Suzuki H, Yanaka A, Muto H
Department of Gastroenterology, Institute of Clinical Medicine, University of Tsukuba, Ibaraki 305-8575, Japan.
Am J Physiol Gastrointest Liver Physiol. 2000 Jul;279(1):G107-17. doi: 10.1152/ajpgi.2000.279.1.G107.
The present study was conducted to elucidate the mechanisms by which Helicobacter pylori (HP)-derived ammonia causes gastric mucosal injury. Intact sheets of guinea pig gastric fundic mucosae were incubated in Ussing chambers. Both the luminal and the serosal pH were kept at 7.4. Transmucosal potential difference (PD) and electrical resistance (R) were monitored as indices of mucosal integrity. Restitution was evaluated by recovery of PD, R, and transmucosal [(3)H]mannitol flux after Triton X-100-induced mucosal injury. The effects of luminal or serosal NH(4)Cl on function and morphology of uninjured or injured mucosae were examined.
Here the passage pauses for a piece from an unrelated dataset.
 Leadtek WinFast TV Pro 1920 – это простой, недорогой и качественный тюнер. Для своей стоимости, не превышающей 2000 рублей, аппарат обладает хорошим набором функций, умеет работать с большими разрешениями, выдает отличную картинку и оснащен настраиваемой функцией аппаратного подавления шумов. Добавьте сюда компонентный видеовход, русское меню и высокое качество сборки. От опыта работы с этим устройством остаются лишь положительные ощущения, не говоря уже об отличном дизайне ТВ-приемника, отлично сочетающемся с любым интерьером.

In uninjured mucosae, serosal NH(4)Cl induced more profound decreases in PD and R and more prominent vacuolation in gastric epithelial cells than did luminal NH(4)Cl. In contrast, luminal NH(4)Cl markedly inhibited restitution in injured mucosae and caused an extensive vacuolation in gastric epithelial cells, as did serosal NH(4)Cl. Transmucosal ammonia flux was greater in the injured than in the uninjured mucosae. These results suggest that 1) basolateral membrane of gastric epithelial cells is more permeable to ammonia than apical membrane and 2) luminal ammonia, at concentrations detected in HP-infected gastric lumen, retards restitution in injured mucosae.
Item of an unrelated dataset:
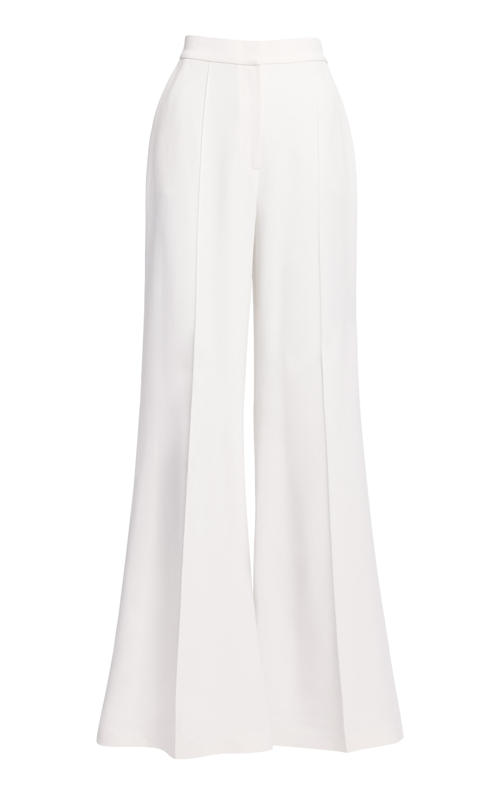 PRODUCT DETAILS - High-waisted, sleek flared leg, wide-cut - Concealed zip and hook fastening - Composition: Cady - Color: Powder White - Dry clean only - Pre-Fall '25

本研究旨在阐明幽门螺杆菌(HP)产生的氨导致胃黏膜损伤的机制。将豚鼠胃底黏膜完整片置于Ussing chamber中孵育。管腔和浆膜的pH均保持在7.4。监测跨黏膜电位差(PD)和电阻(R)作为黏膜完整性指标。通过Triton X-100诱导黏膜损伤后PD、R和跨黏膜[³H]甘露醇通量的恢复来评估修复情况。检测管腔或浆膜NH₄Cl对未损伤或损伤黏膜功能和形态的影响。在未损伤黏膜中,与管腔NH₄Cl相比,浆膜NH₄Cl引起PD和R更显著降低,胃上皮细胞空泡化更明显。相反,管腔NH₄Cl显著抑制损伤黏膜的修复,并导致胃上皮细胞广泛空泡化,浆膜NH₄Cl也是如此。损伤黏膜的跨黏膜氨通量大于未损伤黏膜。这些结果表明:1)胃上皮细胞的基底外侧膜对氨的通透性高于顶端膜;2)在HP感染胃腔中检测到的浓度下,管腔氨会延迟损伤黏膜的修复。